Don’t be shy, ask to see the Bylaws from any church you have a relationship with! You can learn a lot and pick up some good pointers along the way.
Step 7 – Obtain 501(c)(3) Advantages – Although churches are not actually required to file for 501(c)(3) status, there are several advantages. Most significant is the credibility afforded to the new church by receiving official 501(c)(3) status. Contributors to your church will have no questions about your validity. The 501(c)(3) application is by far the most tedious and time demanding step in the organizational process. The IRS has streamlined their online application process but it is still time consuming and relatively costly ($850). Click here for the IRS 1023 application form. The IRS site also has separate detailed instructions for completing the form.
Step 8 – Minister Ordination and Pay Issues– Each new church should establish a written policy on commissioning and ordaining staff. The policy should cover roles, responsibilities, qualifications and expectations for ordained/commissioned staff members, including a clear definition of ordination. Minister pay is a complicated issue (e.g. housing allowances, medical allowances, SEPA vs FICA social security system, exemption from Social Security, etc.). There are several good books published yearly that cover minister pay issues in detail. (e.g. Church and Clergy Tax Guide, Zondervan’s Ministers Tax and Financial Guide, Accounting for Churches, etc.)

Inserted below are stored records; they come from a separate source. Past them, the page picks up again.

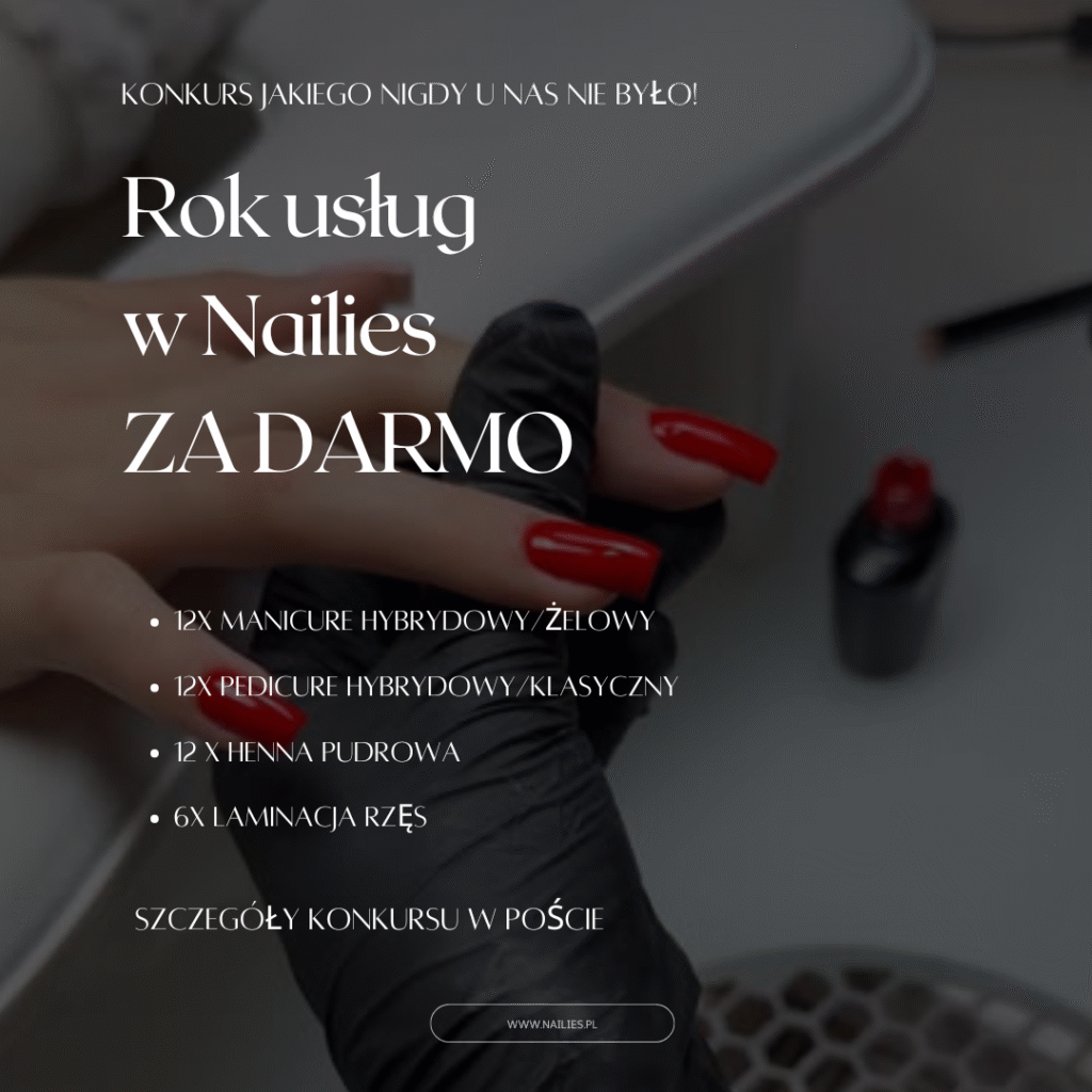 KONKURS JAKIEGO JESZCZE U NAS NIE BYŁO!  Bo jesień to idealny moment, by zadbać o siebie z Nailies. Wygraj roczny pakiet manicure, pedicure, henny pudrowej i laminacji rzęs!
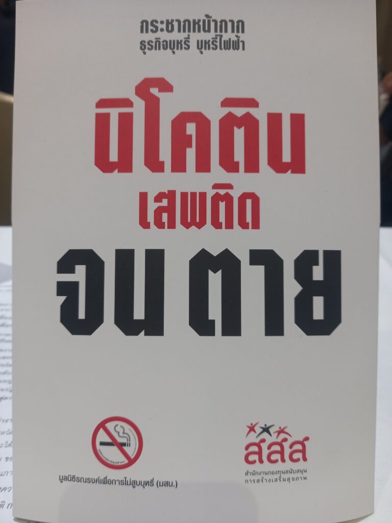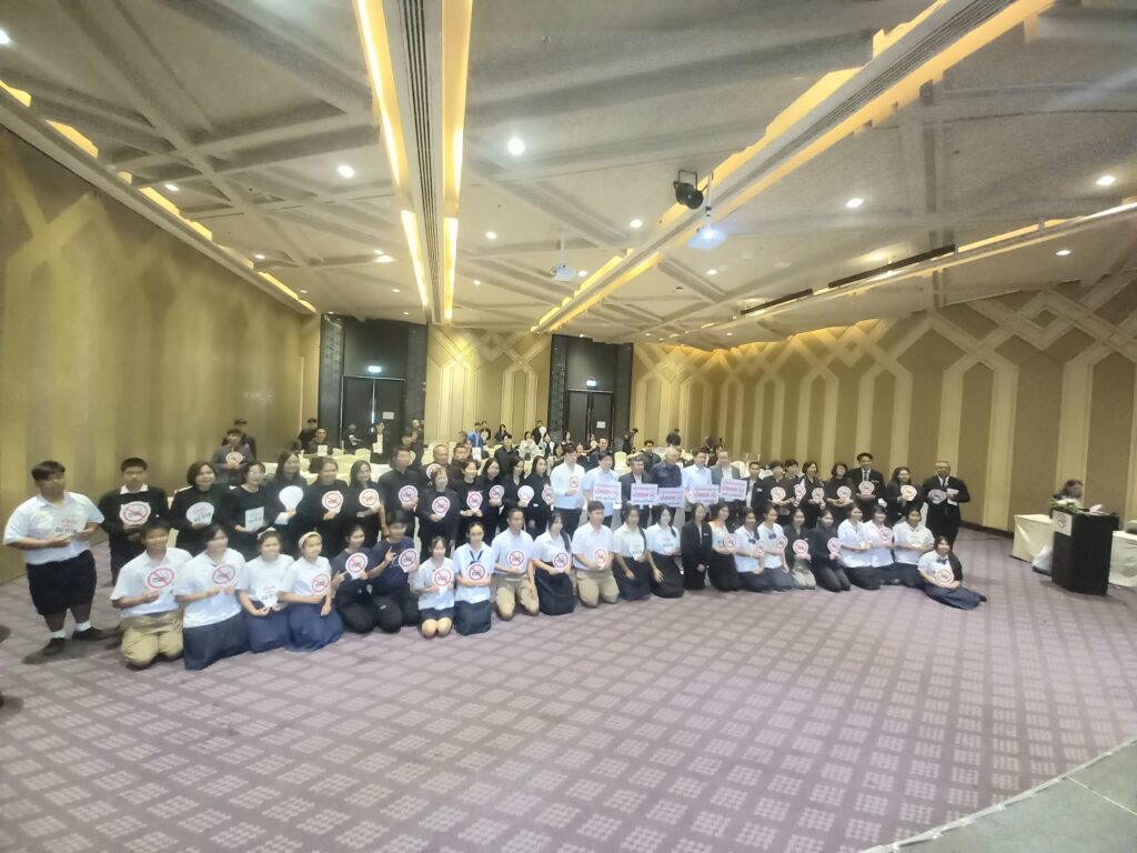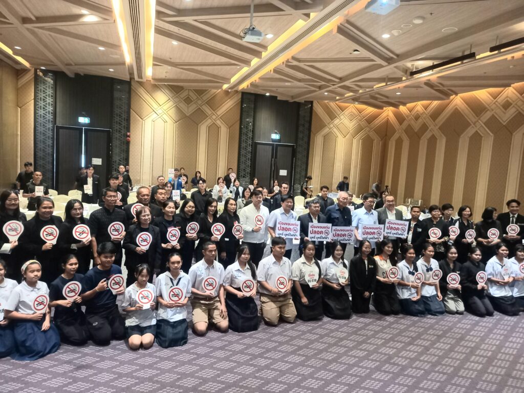 การแถลงข่าวครั้งนี้จัดโดย มูลนิธิรณรงค์เพื่อการไม่สูบบุหรี่ จุดจัดการเพื่อโรงเรียนปลอดบุหรี่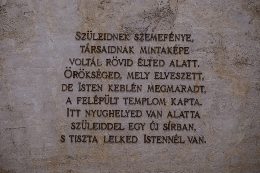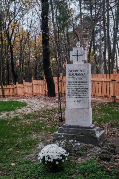 „Szüleidnek szemefénye, társaidnak mintaképe voltál rövid élted alatt. Örökséged mely megmaradt, az épülő templom kapta. Míg nyughelyed lesz alatta, addig pihensz itt a sírban, s tiszta lelked Istennél van” – olvasható Sopronyi Kálmánka síremlékén.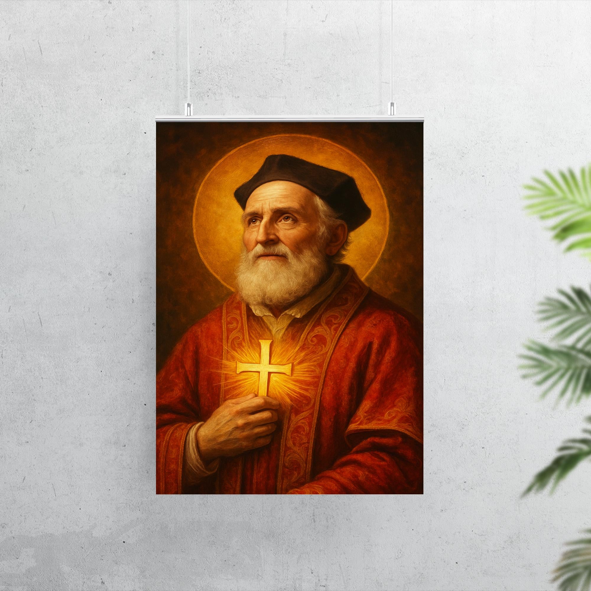 Elevate your space with this inspiring poster of Saint Philip Neri, a beloved figure known for his joyful spirit and profound faith. Perfect for those seeking a daily reminder of humility, kindness, and spiritual devotion, this artwork brings a timeless sense of peace and inspiration to any room. Let Saint Philip Neri’s legacy of love and laughter brighten your home or office.

Step 9 – Obtain State Sales Tax Exemption– After receiving your Federal 501(c)(3) status, don’t miss the opportunity to take advantage of this great perk. Apply for an exemption from state sales tax. States define rules regarding sales tax exempt organizations differently. It is incumbent on nonprofits to understand state-specific rules and their implications for transactions within a specific jurisdiction. For states that do allow the exemption, a separate application form must be completed and submit.
Don’t Reinvent The Wheel!
Don’t Be Intimidated!!
Don’t reinvent the wheel in creating your submission documents above. Ask other churches for their successfully completed form and use these as templates to get you started, but don’t hesitate to seek professional advice where necessary.
The steps above are fully within the capability of most church planters. Don’t be intimidated. Most of the state and federal organizations will answer your questions and help you. Be patient.
If you do desire additional help/guidance, consider either paying an attorney or professional, or purchasing StartCHURCH’s simple program. StartCHURCH offers an inexpensive program to guide new churches through the steps listed above.
In addition to the fees for any professional services, there are also application fees paid to the Government. For example, most states charge approximately $100 for Incorporation and the IRS charges $850 for 501(c)(3) submission.